(Items from a dataset)
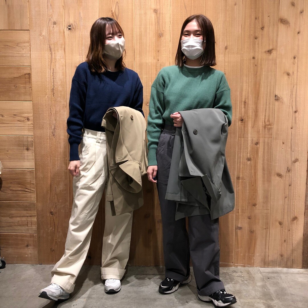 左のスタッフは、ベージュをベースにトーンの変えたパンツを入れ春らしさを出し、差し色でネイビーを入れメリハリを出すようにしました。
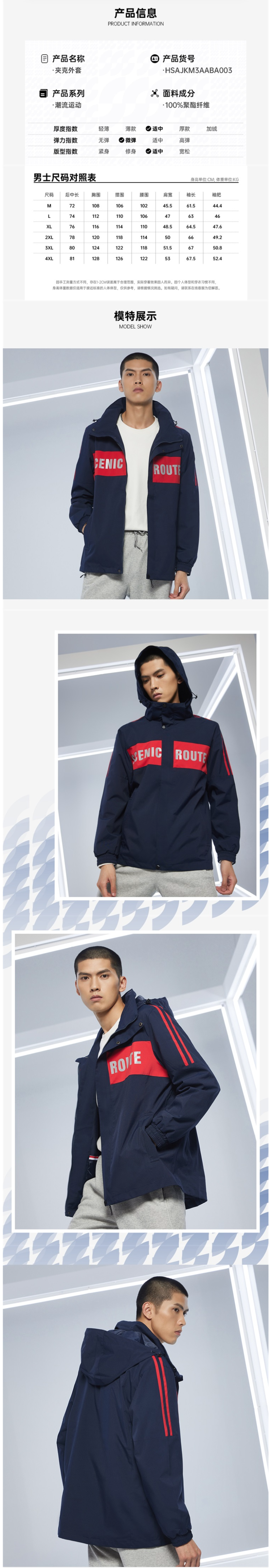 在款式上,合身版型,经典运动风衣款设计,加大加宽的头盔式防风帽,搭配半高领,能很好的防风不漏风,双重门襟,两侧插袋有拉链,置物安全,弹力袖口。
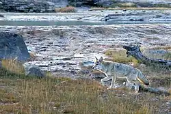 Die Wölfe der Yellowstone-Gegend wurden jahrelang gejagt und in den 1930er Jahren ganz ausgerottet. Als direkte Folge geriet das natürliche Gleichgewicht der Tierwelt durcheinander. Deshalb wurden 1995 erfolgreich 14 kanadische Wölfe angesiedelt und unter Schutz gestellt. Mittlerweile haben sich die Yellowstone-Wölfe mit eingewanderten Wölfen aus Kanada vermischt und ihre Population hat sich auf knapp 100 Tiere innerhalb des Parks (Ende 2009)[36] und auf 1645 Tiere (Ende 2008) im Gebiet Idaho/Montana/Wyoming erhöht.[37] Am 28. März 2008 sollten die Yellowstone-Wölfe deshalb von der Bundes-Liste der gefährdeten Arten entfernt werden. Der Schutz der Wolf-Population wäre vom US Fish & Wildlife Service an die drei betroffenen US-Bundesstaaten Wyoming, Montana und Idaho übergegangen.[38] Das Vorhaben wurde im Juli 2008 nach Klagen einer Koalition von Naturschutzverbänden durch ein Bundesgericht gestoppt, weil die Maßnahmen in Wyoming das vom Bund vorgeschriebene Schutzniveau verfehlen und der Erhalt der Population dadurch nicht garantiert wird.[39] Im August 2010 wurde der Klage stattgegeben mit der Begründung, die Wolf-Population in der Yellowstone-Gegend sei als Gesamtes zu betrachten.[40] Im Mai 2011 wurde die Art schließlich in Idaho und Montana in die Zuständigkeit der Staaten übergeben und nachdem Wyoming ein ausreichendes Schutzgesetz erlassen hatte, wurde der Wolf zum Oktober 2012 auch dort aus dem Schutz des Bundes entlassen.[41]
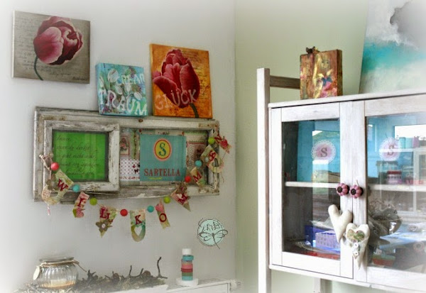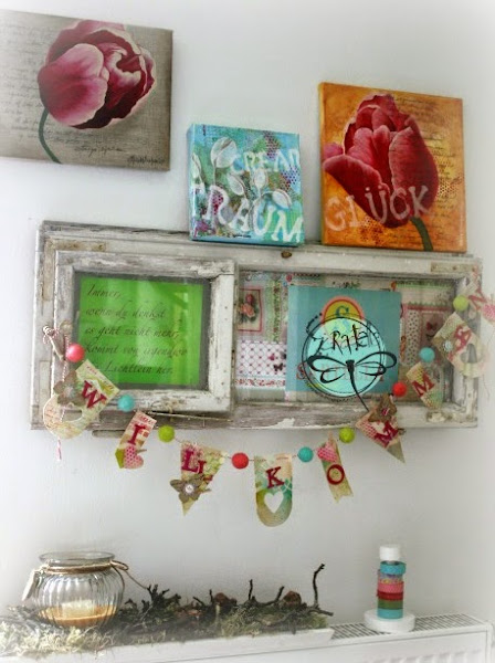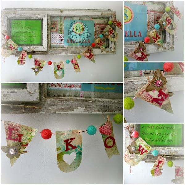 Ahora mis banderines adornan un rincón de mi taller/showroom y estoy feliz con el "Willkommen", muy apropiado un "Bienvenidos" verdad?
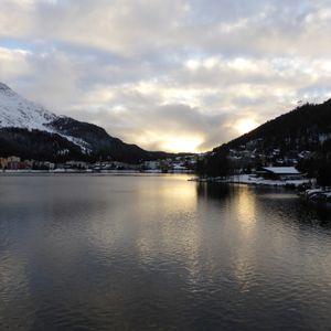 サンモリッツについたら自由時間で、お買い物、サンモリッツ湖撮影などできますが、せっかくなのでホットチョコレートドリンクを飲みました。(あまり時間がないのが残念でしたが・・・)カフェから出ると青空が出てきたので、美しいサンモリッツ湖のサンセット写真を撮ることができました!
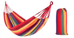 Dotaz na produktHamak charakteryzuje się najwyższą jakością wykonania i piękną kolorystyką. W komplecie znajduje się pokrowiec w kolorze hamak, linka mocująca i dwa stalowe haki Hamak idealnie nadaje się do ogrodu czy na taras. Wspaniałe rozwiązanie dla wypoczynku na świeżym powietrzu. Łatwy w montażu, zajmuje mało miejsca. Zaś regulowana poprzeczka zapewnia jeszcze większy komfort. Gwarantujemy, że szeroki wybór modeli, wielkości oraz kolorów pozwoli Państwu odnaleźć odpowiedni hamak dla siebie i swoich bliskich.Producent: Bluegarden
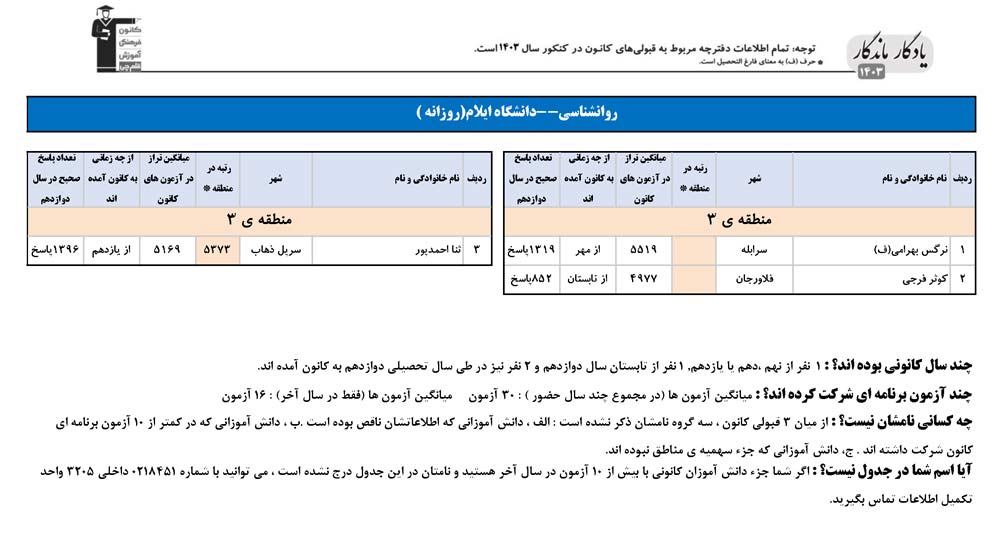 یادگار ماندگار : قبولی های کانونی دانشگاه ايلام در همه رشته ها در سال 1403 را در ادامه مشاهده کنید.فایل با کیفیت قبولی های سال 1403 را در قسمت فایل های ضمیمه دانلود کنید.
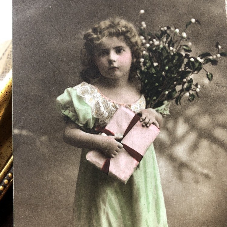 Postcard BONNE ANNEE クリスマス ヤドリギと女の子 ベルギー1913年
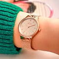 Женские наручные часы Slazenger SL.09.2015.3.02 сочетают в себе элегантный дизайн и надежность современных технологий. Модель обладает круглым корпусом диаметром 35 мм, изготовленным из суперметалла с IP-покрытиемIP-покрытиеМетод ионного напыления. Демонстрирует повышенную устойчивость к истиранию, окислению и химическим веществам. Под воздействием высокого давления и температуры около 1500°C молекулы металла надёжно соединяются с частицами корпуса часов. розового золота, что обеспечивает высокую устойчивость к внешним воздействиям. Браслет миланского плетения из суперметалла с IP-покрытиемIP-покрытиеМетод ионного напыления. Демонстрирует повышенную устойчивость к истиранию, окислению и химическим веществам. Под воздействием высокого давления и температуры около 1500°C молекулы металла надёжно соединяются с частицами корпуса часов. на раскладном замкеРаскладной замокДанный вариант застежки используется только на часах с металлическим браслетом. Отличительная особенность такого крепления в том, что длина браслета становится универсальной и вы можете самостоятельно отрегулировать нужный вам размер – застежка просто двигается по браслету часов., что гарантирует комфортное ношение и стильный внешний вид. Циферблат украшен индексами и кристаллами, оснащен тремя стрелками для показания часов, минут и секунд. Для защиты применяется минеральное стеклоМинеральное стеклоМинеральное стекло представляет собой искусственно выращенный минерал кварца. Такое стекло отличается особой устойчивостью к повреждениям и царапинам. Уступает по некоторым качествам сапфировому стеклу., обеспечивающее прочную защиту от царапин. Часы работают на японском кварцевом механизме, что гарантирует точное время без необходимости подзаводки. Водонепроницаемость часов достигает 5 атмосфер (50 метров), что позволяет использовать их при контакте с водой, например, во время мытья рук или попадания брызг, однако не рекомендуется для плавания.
--
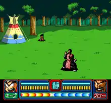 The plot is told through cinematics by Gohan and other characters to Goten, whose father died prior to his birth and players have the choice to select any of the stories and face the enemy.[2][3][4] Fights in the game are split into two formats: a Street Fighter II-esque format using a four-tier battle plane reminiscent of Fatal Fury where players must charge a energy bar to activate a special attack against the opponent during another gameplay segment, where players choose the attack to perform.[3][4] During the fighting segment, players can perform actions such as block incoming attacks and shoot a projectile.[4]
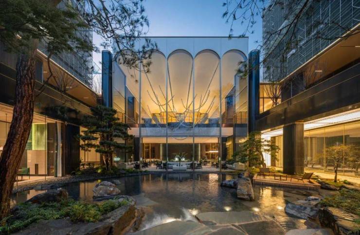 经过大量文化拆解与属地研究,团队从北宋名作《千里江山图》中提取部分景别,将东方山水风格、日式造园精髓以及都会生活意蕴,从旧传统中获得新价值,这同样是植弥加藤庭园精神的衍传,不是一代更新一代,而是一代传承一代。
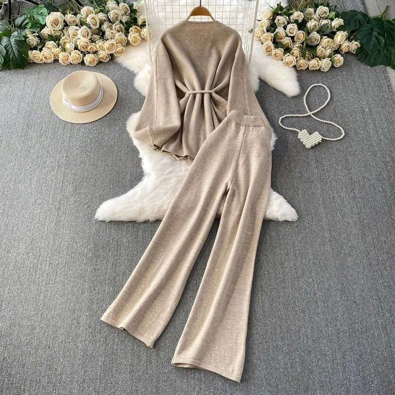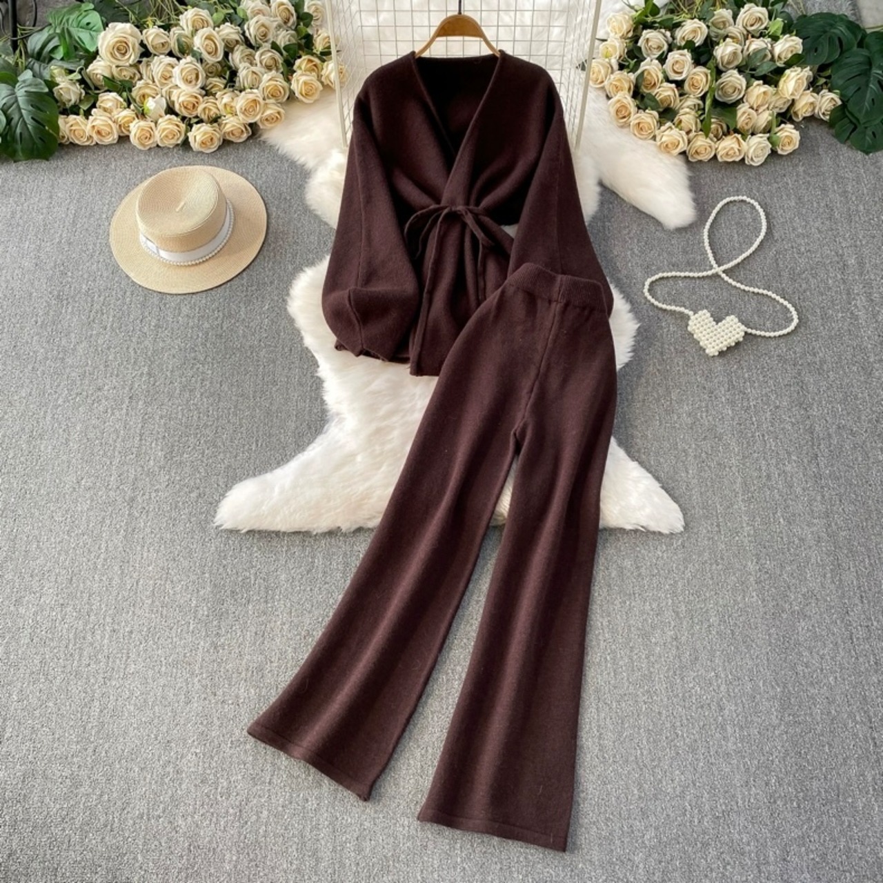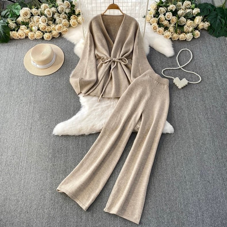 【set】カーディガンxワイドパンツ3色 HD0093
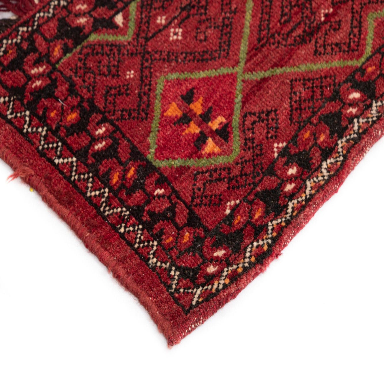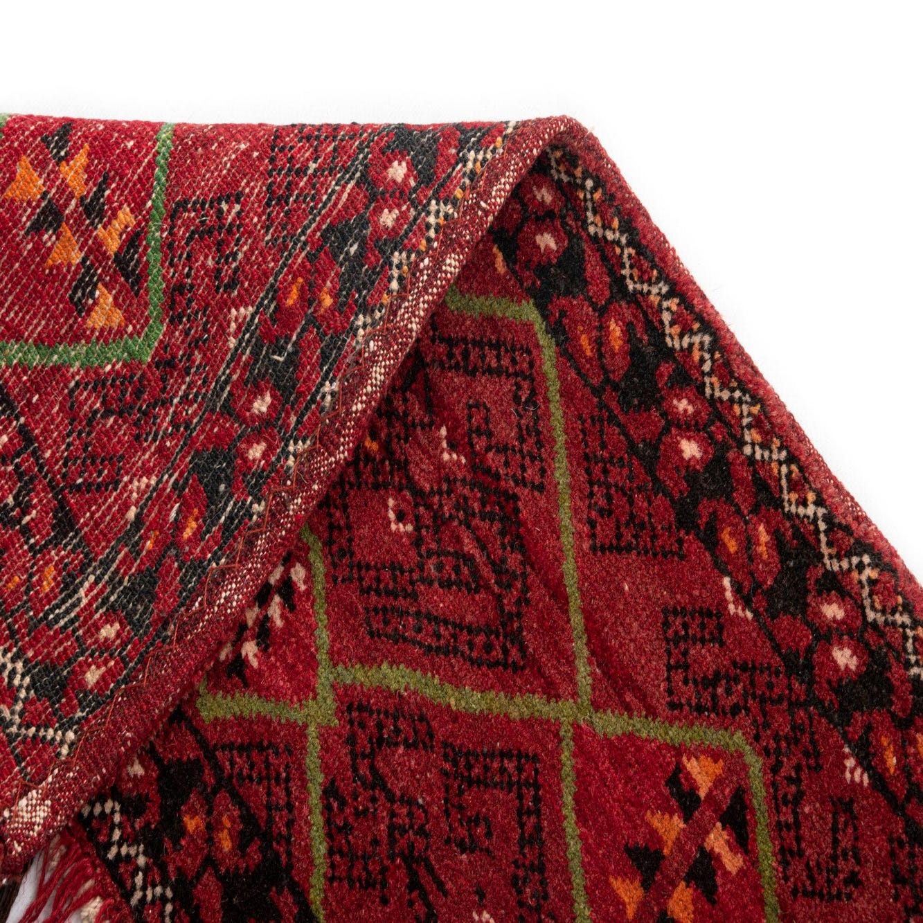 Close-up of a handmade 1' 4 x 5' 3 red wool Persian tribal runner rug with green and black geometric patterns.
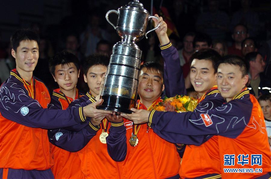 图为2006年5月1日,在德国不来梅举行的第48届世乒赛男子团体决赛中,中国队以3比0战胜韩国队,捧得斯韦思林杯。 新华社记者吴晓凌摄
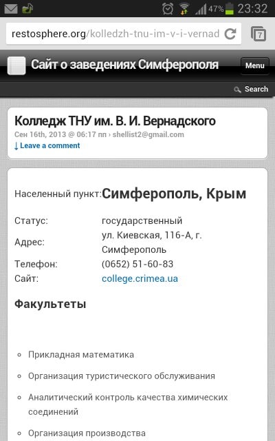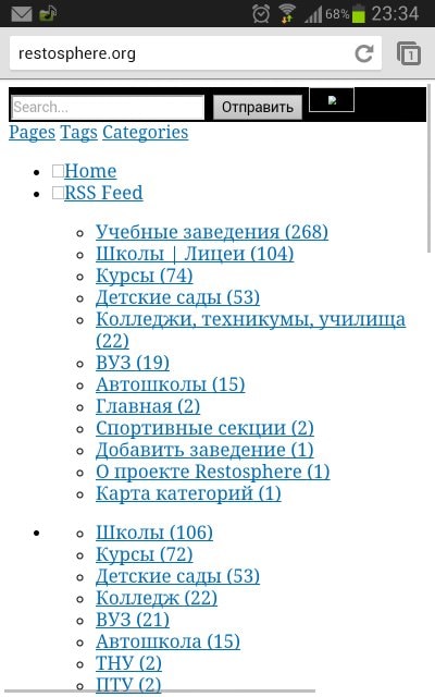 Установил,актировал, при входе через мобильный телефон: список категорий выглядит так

About this task> Please copy the lines above exactly, starting at the line that holds "在款式上,合身版型,经典运动" and ending at the line that holds "サンモリッツについたら自由時"; include both, but no pictures.

Completed task>
 在款式上,合身版型,经典运动风衣款设计,加大加宽的头盔式防风帽,搭配半高领,能很好的防风不漏风,双重门襟,两侧插袋有拉链,置物安全,弹力袖口。
 Die Wölfe der Yellowstone-Gegend wurden jahrelang gejagt und in den 1930er Jahren ganz ausgerottet. Als direkte Folge geriet das natürliche Gleichgewicht der Tierwelt durcheinander. Deshalb wurden 1995 erfolgreich 14 kanadische Wölfe angesiedelt und unter Schutz gestellt. Mittlerweile haben sich die Yellowstone-Wölfe mit eingewanderten Wölfen aus Kanada vermischt und ihre Population hat sich auf knapp 100 Tiere innerhalb des Parks (Ende 2009)[36] und auf 1645 Tiere (Ende 2008) im Gebiet Idaho/Montana/Wyoming erhöht.[37] Am 28. März 2008 sollten die Yellowstone-Wölfe deshalb von der Bundes-Liste der gefährdeten Arten entfernt werden. Der Schutz der Wolf-Population wäre vom US Fish & Wildlife Service an die drei betroffenen US-Bundesstaaten Wyoming, Montana und Idaho übergegangen.[38] Das Vorhaben wurde im Juli 2008 nach Klagen einer Koalition von Naturschutzverbänden durch ein Bundesgericht gestoppt, weil die Maßnahmen in Wyoming das vom Bund vorgeschriebene Schutzniveau verfehlen und der Erhalt der Population dadurch nicht garantiert wird.[39] Im August 2010 wurde der Klage stattgegeben mit der Begründung, die Wolf-Population in der Yellowstone-Gegend sei als Gesamtes zu betrachten.[40] Im Mai 2011 wurde die Art schließlich in Idaho und Montana in die Zuständigkeit der Staaten übergeben und nachdem Wyoming ein ausreichendes Schutzgesetz erlassen hatte, wurde der Wolf zum Oktober 2012 auch dort aus dem Schutz des Bundes entlassen.[41]
 Ahora mis banderines adornan un rincón de mi taller/showroom y estoy feliz con el "Willkommen", muy apropiado un "Bienvenidos" verdad?
 サンモリッツについたら自由時間で、お買い物、サンモリッツ湖撮影などできますが、せっかくなのでホットチョコレートドリンクを飲みました。(あまり時間がないのが残念でしたが・・・)カフェから出ると青空が出てきたので、美しいサンモリッツ湖のサンセット写真を撮ることができました!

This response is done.